Pitchers who throw 100 mph have tripled over the last seven years in the majors, and Pittsburgh has gathered the most impressive collection of flamethrowers.
Pirates starting pitchers Bubba Chandler (left), Jared Jones (middle) and Paul Skenes (right) shag flies in the outfield during batting practice.
Pirates starting pitchers Bubba Chandler (left), Jared Jones (middle) and Paul Skenes (right) shag flies in the outfield during batting practice. | Charles LeClaire-Imagn Images

This article was originally published as part of Verducci’s View, a new weekly baseball newsletter from Sports Illustrated senior writer Tom Verducci. Every Monday, Tom empties out his notebook over email and covers MLB’s hottest topics, provides in-depth analysis through both text and video breakdowns, looks forward to what’s worth watching during the week and more.
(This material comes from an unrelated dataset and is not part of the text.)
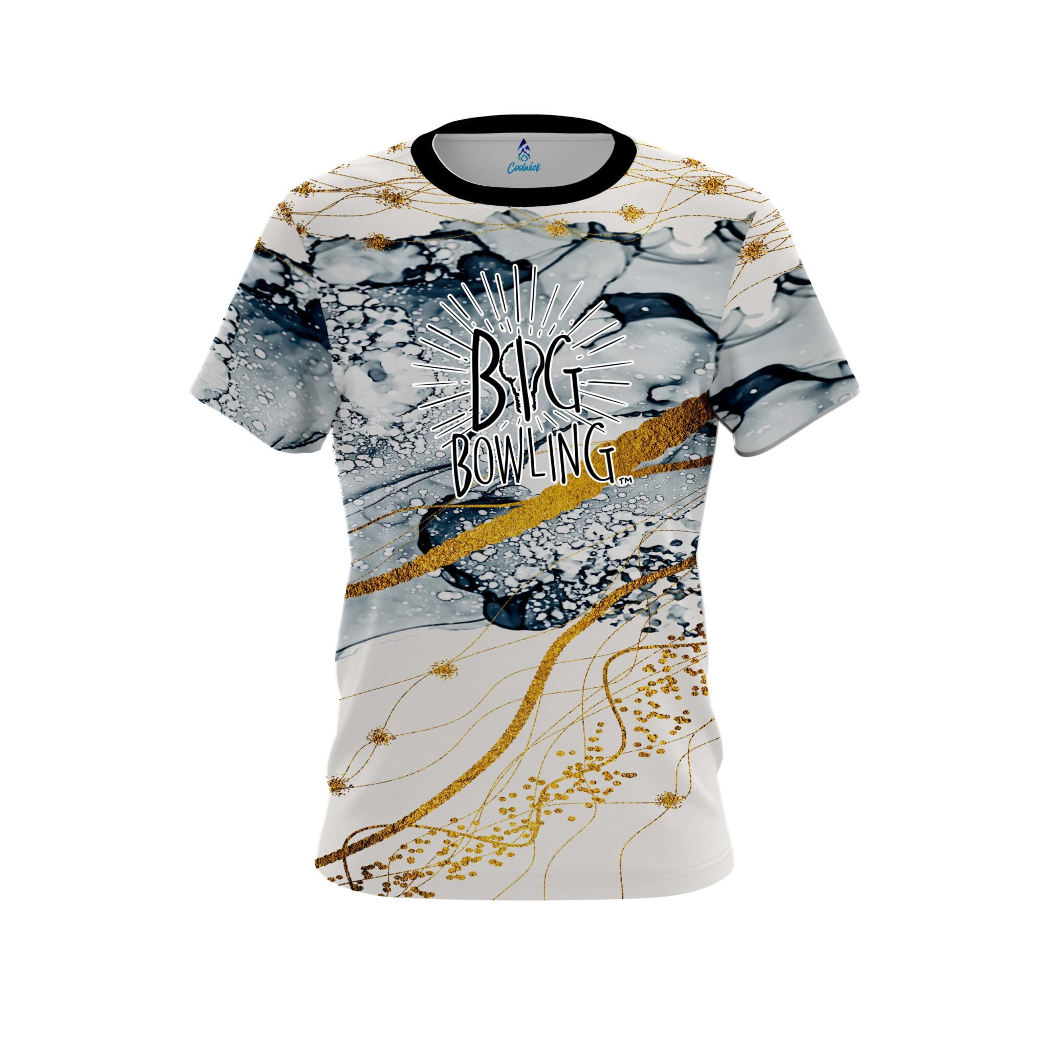Stay 40% cooler with CoolWick. Our Big Bowling Gold Granite CoolWick Bowling Jerseys are made of two different fabrics with the back being our CoolWick technology fabric that helps wick moisture away and helps air flow more easily through the fibers.

Remember The Lumber Company, the famed hard-hitting Pirates teams of the 1970s? Pittsburgh is now home to The Gas Company. The Pirates have the hardest throwing pitching staff in history.

Since pitch tracking metrics began in 2008, no staff has thrown fastballs at a higher average velocity than the Pirates (95.6 mph). Velocity has increased so dramatically that the four hardest throwing staffs over the past 19 measured seasons are all from this year.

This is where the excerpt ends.